## Data supplied:
[Start of section]
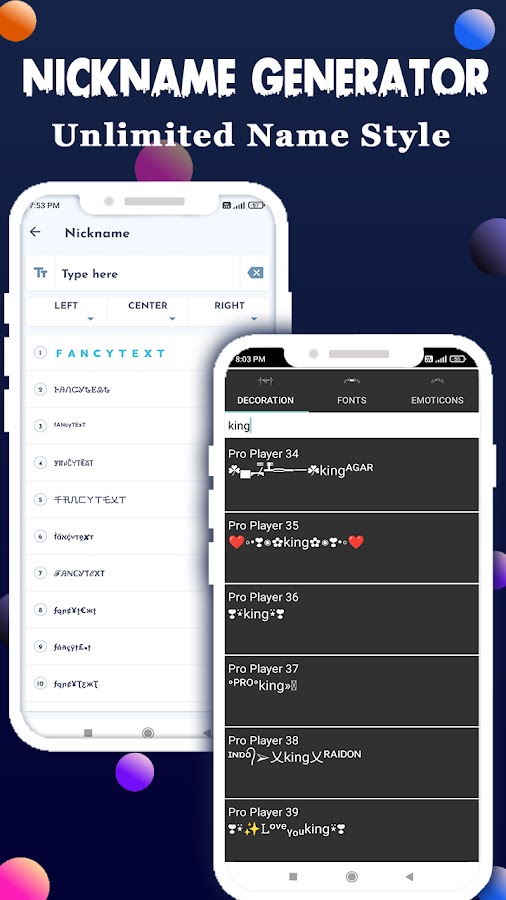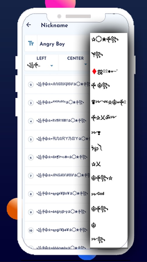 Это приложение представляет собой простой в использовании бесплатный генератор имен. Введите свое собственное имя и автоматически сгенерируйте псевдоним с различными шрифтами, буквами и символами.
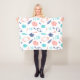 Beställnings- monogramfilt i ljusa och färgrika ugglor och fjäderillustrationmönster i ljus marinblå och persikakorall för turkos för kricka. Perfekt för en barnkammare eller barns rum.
[End of section]
[Start of section]
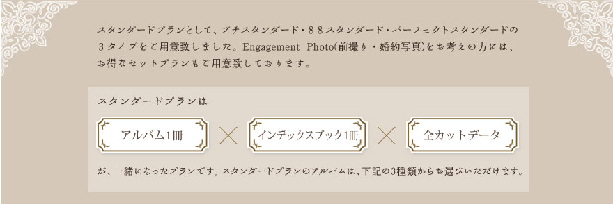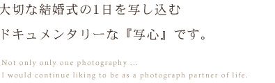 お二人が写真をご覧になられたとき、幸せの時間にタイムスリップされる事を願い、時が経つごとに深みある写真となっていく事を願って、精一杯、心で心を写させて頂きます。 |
[End of section]
[Start of section]
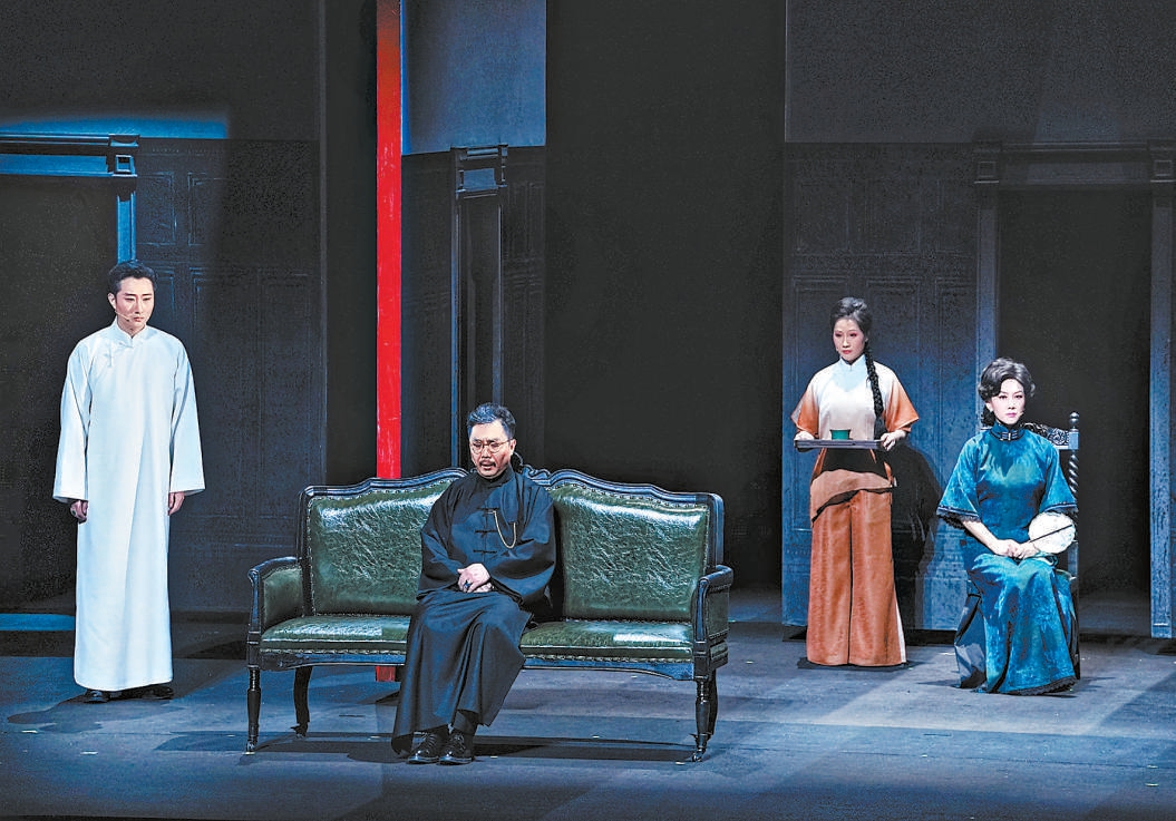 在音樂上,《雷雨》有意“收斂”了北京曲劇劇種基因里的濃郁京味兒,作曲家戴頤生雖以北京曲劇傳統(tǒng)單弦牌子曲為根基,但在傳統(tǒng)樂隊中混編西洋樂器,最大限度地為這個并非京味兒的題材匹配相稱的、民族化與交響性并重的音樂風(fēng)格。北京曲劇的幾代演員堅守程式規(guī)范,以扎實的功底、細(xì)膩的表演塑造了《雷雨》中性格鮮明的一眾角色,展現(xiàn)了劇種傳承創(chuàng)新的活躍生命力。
[End of section]
## What is needed:
Every line above between the one containing "Это приложение представляет" and the one containing "Beställnings- monogramfilt i", those two included, is to be printed exactly. No pictures go into the copy.

## Response to the task:
 Это приложение представляет собой простой в использовании бесплатный генератор имен. Введите свое собственное имя и автоматически сгенерируйте псевдоним с различными шрифтами, буквами и символами.
 Beställnings- monogramfilt i ljusa och färgrika ugglor och fjäderillustrationmönster i ljus marinblå och persikakorall för turkos för kricka. Perfekt för en barnkammare eller barns rum.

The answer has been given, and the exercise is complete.